One example is a magnetopause model by Lin et al. (2010), called Lin10 in the hereforth. The magnetic pressure pmag is added as an input parameter, accounting for the pressure of the IMF on the magnetopause. Additionally, the tilt angle γ of Earth's dipole in the (y,z) plane is an input parameter. Because the azimuth angle is also used to parameterize the magnetopause, the model is not axis symmetric anymore. The empirical model is based on 2708 MPCs of different satellites. In total, the model contains 21 coefficients, underscoring the complexity due to the additional input parameters.
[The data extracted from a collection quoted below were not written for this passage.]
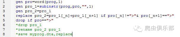 在Stata中真的需要用分列命令来实现该功能么?如果真这么做,Too young,too naive.其实只需要取出每个观测值的第一个单词(为啥不是提取字符,自己想一想),然后把第一个单词的位置替换成空值即可。一言不合,先上命令:
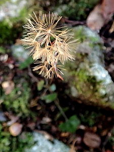 キッコウハグマ・花のあと 写っているのは冠毛 冠毛の基部には細い実がついている |
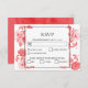 Ce design présente d'élégantes fleurs d'hibiscus tropicaux rouges. Le texte noir classieux contraste avec l'illustration de l'aquarelle florale rouge. La bordure noire de ligne fine entourant le libellé crée un style sophistiqué, tendance et chic. La configuration simple de la typographie lui donne un style distinct. Idéal pour un mariage tropical de plage de destination. Elégant mariage RSVP design de carte d'acceptation avec des éléments modernes. Des invitations de mariage et d'autres articles de papeterie sont également disponibles.
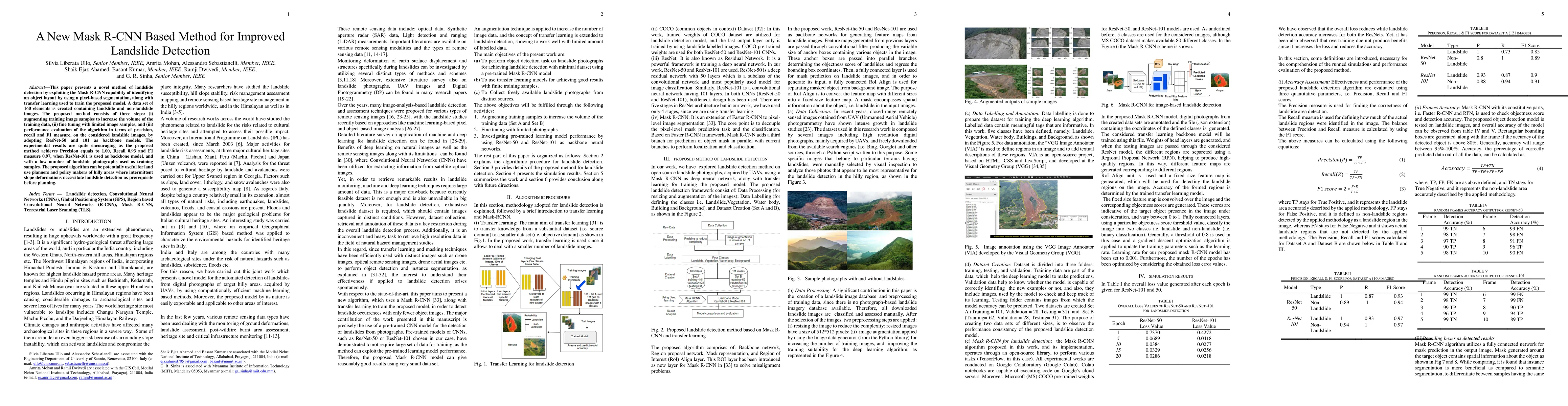 This paper introduces a Mask R-CNN based method for landslide detection, leveraging pixel-based segmentation and transfer learning. Experimental results show high precision, recall, and F1 score, indicating its potential utility for land use planning in hilly regions.
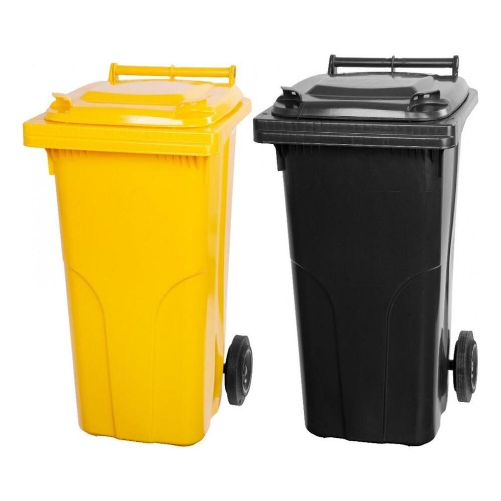 Mega Deal 2x PROREGAL 2-Rad-Mülltonne, 120 Liter, HDPE Kunststoff, Gelb & Grau, Mülltonne, Müllgroßbehälter, Mülleimer, Abfalltonne, Müllbehälter
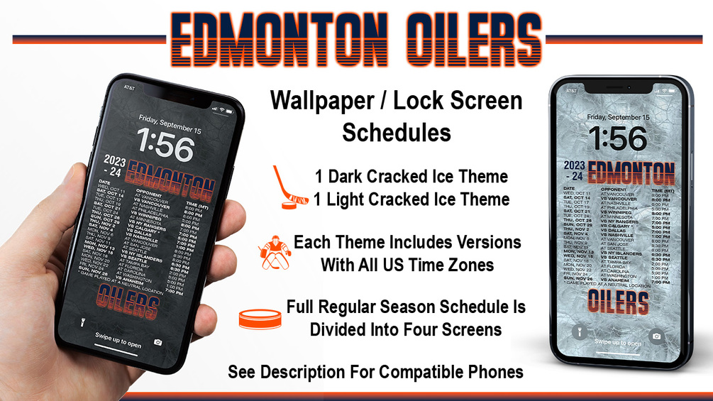 Now you can display the 2023-2024 Edmonton Oilers schedule right on your iPhone's lock screen or use it as wallpaper. You will receive four Oilers wallpaper dark theme and four light theme lock screen schedules for the 2023-24 regular season. Files are high-resolution .jpg and zipped into one file.
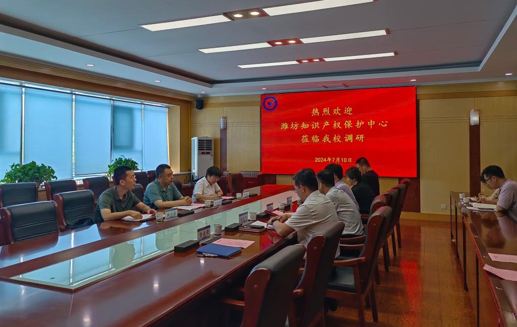 7月10日上午,潍坊市知识产权保护中心主任王大海、寿光市市场监督管理局党组成员、二级主办董建波一行4人到我校调研专利预审及科技成果转化工作情况。我校党委委员、副校长张友祥,科研处处长兼经济管理学院院长牛志宁等人参加座谈。

Based on the MPC dataset used to construct the model, the Lin10 model outperforms previous magnetopause models, including Sh98, in terms of prediction accuracy.

Liu et al. (2015) utilizes the same parameters as in Lin10 with the addition of the IMF Bx and By components. Therewith, the IMF is included fully and not only by Bz. Liu et al. (2015) use a magnetohydrodynamics (MHD) approach to find dependencies between r0 and the input parameters to construct their model (named Liu15 in the following). The influence of the By component is discussed in Aghabozorgi Nafchi et al. (2023) with the conclusion that it influences the radial distance of the magnetopause.

In contrast, Nguyen et al. (2022c) use the clock angle and the IMF Bz component separately to cover the influence of the IMF on the shape of the magnetopause in their model (referred to as Ng22 hereinafter). The clock angle represents the projected direction of the IMF in the (y,z) plane and is computed via θclock=arctan2(By,Bz), with a range from −180 to 180°. A value of |θclock|>90° therefore means southward IMF configuration. While Aghabozorgi Nafchi et al. (2023) find the clock angle to be important in magnetopause modeling, Case and Wild (2013) see no dependence of model performance and clock angle.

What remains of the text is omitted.